Different types of care home include nursing homes, specialist dementia care homes and residential care homes. To find out more, you can download Anchor’s free guide which details the different types of care homes.
Choosing a care home or nursing home for a relative is fraught with emotional difficulties, but here are a few guidelines you can use to help you.
Do you and your parent live in the same area? If not, you’ll have to consider whether it’s best to move them into a care home that is closer to you or whether they’d prefer to remain in the area they are familiar with.
Your relative may feel comfortable in their home town and have friends nearby. Moving them closer to where you live may make it easier to check up on them, but will it be less distressing or more so?
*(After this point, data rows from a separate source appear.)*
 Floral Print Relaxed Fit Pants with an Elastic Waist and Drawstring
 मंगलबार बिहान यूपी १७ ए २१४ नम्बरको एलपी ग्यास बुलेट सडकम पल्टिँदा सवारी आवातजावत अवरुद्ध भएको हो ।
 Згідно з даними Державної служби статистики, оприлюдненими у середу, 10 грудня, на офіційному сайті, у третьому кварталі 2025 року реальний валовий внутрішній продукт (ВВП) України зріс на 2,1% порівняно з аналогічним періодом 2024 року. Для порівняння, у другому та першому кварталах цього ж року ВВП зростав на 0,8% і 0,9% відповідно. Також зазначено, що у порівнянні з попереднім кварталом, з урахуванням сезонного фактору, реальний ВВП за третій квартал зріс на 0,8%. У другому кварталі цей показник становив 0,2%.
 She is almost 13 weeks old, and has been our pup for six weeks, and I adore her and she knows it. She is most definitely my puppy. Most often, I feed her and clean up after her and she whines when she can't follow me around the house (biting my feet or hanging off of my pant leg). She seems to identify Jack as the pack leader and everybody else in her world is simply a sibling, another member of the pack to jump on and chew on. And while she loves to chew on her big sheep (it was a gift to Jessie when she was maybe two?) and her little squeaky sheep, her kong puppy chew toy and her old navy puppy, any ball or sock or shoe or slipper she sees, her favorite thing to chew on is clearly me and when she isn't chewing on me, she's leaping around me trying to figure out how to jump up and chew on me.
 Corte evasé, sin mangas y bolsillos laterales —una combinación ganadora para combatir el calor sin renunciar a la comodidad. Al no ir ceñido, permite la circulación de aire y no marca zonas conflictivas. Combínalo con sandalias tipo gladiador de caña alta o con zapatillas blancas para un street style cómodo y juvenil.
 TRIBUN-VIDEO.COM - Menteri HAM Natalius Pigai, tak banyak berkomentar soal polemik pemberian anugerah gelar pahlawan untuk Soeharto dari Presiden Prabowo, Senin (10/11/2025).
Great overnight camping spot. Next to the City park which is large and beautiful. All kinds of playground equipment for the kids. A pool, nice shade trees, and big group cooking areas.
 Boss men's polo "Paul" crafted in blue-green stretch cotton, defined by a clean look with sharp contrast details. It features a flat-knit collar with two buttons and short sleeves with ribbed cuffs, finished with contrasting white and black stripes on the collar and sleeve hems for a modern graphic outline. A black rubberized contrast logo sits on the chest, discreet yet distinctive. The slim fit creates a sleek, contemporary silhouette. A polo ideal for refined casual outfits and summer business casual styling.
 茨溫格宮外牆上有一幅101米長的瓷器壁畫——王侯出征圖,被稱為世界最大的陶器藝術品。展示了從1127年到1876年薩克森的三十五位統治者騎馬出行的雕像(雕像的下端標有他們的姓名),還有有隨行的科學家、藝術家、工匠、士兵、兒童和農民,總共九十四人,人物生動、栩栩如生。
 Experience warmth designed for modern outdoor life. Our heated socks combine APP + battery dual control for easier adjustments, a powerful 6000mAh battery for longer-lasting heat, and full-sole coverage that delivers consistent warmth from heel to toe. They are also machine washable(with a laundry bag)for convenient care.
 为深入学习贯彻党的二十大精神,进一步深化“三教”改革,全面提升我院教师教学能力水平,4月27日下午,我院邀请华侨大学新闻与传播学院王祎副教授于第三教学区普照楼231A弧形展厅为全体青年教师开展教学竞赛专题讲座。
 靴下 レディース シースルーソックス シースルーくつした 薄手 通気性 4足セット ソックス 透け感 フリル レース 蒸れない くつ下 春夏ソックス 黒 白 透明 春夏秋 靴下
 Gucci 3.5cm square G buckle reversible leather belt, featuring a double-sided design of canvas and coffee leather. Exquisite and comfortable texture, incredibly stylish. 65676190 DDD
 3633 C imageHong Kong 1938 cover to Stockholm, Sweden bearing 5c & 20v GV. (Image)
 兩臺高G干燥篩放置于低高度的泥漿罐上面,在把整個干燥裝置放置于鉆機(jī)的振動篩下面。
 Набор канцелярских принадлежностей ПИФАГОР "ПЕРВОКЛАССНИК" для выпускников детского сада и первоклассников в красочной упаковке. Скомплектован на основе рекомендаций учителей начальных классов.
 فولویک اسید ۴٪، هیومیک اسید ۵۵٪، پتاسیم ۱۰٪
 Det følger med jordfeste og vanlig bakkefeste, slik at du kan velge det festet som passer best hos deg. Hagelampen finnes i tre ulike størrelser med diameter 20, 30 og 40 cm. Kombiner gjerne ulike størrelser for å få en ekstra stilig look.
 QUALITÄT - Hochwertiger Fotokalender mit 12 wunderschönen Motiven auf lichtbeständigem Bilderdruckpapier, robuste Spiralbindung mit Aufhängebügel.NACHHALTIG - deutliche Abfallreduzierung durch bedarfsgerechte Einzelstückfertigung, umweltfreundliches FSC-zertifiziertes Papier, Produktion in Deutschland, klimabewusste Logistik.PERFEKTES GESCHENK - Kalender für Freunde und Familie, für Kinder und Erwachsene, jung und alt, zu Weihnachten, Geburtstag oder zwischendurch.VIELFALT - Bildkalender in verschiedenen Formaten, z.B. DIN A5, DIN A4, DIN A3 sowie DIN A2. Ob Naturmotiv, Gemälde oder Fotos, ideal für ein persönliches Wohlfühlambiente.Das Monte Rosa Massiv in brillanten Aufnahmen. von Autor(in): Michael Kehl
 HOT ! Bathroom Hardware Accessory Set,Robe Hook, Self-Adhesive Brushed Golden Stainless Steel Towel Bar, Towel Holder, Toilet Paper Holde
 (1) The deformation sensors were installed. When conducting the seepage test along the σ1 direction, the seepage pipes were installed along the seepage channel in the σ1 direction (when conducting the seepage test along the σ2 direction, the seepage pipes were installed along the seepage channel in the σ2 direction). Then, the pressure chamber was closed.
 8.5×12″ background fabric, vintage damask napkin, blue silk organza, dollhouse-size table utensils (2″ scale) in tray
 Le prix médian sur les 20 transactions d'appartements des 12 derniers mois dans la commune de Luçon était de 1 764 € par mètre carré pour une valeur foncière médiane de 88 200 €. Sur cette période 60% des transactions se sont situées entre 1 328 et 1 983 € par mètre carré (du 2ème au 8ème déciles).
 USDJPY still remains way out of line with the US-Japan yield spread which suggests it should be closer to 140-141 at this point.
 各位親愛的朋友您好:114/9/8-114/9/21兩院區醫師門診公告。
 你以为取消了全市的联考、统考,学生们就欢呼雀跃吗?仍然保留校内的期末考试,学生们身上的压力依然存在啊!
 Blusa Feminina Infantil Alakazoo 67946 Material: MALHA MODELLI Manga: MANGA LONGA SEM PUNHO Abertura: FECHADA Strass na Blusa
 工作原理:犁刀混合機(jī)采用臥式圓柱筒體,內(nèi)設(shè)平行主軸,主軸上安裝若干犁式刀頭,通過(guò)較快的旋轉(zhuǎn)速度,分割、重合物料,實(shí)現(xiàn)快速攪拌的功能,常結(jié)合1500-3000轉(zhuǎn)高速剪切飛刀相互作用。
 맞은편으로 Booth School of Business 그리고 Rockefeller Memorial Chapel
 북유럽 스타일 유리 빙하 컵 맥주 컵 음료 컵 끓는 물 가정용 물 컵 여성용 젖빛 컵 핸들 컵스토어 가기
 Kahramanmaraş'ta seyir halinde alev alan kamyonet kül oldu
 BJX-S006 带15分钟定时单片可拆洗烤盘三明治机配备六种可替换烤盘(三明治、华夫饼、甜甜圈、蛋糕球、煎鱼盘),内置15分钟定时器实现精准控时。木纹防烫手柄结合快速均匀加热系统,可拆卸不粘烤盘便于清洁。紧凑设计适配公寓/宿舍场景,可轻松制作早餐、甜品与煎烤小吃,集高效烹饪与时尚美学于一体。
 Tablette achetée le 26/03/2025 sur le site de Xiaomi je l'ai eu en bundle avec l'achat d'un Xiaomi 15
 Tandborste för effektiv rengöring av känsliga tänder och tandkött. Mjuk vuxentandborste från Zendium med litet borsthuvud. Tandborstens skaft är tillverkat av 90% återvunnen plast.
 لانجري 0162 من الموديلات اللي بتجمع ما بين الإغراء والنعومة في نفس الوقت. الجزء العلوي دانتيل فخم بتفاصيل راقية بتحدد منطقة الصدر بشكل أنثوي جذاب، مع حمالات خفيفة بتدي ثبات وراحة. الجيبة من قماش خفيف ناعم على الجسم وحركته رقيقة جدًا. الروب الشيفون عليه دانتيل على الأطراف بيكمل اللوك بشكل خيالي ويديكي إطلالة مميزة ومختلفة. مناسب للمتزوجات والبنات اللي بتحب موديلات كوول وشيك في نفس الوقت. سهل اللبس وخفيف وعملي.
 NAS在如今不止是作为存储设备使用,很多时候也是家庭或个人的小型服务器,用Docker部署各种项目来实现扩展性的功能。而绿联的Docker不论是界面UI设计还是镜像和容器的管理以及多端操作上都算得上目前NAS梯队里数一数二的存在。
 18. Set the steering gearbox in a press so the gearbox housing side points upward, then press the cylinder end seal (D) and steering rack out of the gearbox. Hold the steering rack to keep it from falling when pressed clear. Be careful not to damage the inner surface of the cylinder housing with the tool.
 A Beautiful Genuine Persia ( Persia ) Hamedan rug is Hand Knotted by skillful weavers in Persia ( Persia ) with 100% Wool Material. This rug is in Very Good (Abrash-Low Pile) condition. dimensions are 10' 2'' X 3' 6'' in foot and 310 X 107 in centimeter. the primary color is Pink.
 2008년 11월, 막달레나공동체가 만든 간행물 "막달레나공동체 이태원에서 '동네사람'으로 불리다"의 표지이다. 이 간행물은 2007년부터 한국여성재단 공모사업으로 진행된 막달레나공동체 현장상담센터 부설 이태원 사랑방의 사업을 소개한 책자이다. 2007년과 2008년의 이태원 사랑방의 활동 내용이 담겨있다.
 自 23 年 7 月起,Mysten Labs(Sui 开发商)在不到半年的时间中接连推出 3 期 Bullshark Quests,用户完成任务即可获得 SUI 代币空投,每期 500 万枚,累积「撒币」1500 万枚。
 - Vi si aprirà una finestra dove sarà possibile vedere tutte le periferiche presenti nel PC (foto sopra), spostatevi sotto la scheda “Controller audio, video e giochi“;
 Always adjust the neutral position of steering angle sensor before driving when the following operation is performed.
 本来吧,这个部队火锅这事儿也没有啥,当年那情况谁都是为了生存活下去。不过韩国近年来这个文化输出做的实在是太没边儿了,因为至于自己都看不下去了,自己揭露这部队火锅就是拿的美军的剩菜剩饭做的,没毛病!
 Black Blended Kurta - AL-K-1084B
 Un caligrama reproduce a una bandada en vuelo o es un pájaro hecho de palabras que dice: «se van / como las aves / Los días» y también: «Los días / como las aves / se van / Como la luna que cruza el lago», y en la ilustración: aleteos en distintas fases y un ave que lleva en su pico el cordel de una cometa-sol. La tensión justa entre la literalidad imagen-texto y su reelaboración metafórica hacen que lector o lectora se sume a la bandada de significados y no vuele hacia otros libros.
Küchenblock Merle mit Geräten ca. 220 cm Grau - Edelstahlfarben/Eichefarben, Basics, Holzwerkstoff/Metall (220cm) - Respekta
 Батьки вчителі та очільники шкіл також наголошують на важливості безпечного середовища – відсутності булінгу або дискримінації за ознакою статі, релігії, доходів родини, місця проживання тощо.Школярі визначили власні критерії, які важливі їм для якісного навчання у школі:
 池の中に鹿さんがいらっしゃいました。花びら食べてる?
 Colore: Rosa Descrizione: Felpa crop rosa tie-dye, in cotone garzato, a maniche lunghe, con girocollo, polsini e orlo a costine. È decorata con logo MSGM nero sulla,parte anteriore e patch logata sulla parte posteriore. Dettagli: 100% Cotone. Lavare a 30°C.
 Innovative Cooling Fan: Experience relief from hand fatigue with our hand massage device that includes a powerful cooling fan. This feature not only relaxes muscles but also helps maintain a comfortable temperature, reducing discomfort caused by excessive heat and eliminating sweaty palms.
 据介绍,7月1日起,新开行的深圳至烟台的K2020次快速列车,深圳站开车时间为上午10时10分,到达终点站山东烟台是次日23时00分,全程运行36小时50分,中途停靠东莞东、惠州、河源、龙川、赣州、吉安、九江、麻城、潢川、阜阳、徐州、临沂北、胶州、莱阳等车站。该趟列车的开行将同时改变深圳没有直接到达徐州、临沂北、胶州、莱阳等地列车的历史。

You can use an online directory, like the Care Homes.co.uk website, to browse the lists of suitable homes in your chosen area. When you’ve selected three or four that are potentially a good, pay them a visit and ask lots of questions.
Here are some tips for when you’re looking around potential care homes:
- Look at several different bedrooms and the communal areas.
- Ask if all the bedrooms have windows and what they overlook.
- Ask if residents can bring their own furniture.
- Talk to a few residents about how they find living there
- Talk to members of staff. Are they friendly and helpful?
- Check if it feels homely; is it clean? Well-kept? Nicely decorated?
- Check if there is a garden that residents can use and look around it if possible
- Check if there is a car park for visitors.
Your relative’s care home will need facilities that suit their individual needs so it’s important to investigate them before making a choice. If your relative needs, for example, post-stroke care or support after a serious fall, you will need to ask the care home specific questions about facilities for these conditions.
Some good questions to ask include:
- Is there a massage or physiotherapy room?
- How highly trained are the staff?
- Are there regular GP visits?
- Does the home have a visiting chiropodist or optician?
- Does the home provide services such as hairdressing, manicures or pedicures?
- Is there a canteen for residents or where are meals served?
- What help is available if someone needs assistance feeding themselves?
- Is food made on-site, what is the sourcing policy, and do they offer menus and choices?
- Do the bedrooms have televisions and radios or is there a communal television room?
- Are activities provided for residents, and what are they?
- Are there outings for residents, and are there additional charges for them?
Only you know what your budget is, and the prices of care homes can vary widely. According to the Laing & Buisson Care of Older People, the regional average for the cost of a care home in the South East is £702 a week, rising to £1041 a week for a care home with additional nursing.
However, care homes charge different prices depending on various factors, including the location, level of care they provide and your individual financial circumstances.
In England, prices in the South are typically higher than those in the North, as well as in Wales or Scotland. But prices across Sussex will vary as well, depending on how in demand the location is and what facilities they provide.
If you’re eligible for local authority funding or social care support this will also lower your costs. Find out if you can access this funding by completing a care needs and financial assessment with your local council. However, if you already own over £23,250 in capital you won’t be eligible for this and will need to fund relative’s care independently.